Other than his bright red accessories—done up in Pantone number 186, the ASI's official color—the courtly Mr. Cohn distinctly lacks any swagger. His own office suite contains a mini-museum of curiosities. Gadgets and artifacts spill across his desk; nearby is a cardboard ice dial from pre-refrigerator days, which helped housewives indicate how many pounds they needed from the ice man. An antique fan from the 1800s features the image of a pretty woman promoting a nightclub in Pittsfield, Maine. "Dine and Dance in the Barn," the logo reads.
Paper fans "were very popular before air conditioning," Mr. Cohn says. Companies stuck their logos on them and handed them out.
What the fan was to the 19th century, the USB drive is to the 21st. The compact data storage gadgets come in every shape and size—from one tucked inside a toy robot, to another as thin as a credit card.
Personal digital devices have inspired the kitsch industry to invent brand-able accessories for iPads, iPhones and Kindles.
Mr. Cohn—who prefers the term "advertising specialties" to "swag"—still has an eye for items that are low tech. He is a fan, for example, of the "Talking Footprint Sandals."
Another of his practical favorites is an eco-friendly bamboo "wine plate" with a hole to accommodate a wine glass—perfect for circulating at cocktail parties.
"You could hold a wine glass and walk around the buffet," Mr.
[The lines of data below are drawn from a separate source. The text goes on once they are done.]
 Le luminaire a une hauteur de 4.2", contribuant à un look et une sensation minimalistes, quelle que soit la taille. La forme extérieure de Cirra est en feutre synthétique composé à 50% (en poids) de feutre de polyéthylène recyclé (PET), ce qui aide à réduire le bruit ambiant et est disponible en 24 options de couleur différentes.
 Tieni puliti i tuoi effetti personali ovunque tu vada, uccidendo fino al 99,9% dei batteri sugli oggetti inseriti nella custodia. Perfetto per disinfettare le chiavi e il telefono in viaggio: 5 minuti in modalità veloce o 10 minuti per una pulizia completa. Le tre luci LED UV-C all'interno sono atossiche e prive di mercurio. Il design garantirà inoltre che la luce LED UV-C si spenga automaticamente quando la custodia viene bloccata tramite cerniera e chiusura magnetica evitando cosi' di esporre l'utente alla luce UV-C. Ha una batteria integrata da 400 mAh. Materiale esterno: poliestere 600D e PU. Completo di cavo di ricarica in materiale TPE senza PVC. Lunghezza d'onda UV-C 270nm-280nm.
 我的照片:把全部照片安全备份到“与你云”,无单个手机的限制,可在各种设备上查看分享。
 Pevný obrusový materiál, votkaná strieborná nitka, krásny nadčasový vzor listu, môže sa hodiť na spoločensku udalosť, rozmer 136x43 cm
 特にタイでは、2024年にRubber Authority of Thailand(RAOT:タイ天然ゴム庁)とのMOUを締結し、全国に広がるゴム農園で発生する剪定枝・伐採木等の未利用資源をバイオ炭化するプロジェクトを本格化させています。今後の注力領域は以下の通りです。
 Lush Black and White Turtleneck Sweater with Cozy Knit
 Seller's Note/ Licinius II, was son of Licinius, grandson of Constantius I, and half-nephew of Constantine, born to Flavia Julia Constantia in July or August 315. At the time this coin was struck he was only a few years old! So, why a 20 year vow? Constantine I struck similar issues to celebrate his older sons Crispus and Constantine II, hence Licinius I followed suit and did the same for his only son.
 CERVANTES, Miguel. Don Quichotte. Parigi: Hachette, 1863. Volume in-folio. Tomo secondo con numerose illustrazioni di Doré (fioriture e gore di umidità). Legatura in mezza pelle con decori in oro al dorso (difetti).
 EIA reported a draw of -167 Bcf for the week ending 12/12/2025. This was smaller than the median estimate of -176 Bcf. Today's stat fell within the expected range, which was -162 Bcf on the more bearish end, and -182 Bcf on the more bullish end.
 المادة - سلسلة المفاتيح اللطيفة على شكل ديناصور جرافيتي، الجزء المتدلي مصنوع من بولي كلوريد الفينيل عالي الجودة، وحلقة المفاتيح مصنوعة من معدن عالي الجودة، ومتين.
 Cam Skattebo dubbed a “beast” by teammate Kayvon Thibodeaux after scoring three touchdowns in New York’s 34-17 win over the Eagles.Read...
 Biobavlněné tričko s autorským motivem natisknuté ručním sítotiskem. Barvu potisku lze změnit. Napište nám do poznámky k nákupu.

Cohn chuckles. "Many of these items, you will say, 'I could have thought of that.' "
Home, he admits—perhaps a tad sheepishly—is mainly off-limits to swag. His wife is a "minimalist," he says, who comes into his office every once in a while and helps clean it out.
It keeps the place from turning into "Disneyland," he says.
"He has a love affair with these little objects," says Suzanne Cohn. "I like a sense of order and he loves clutter."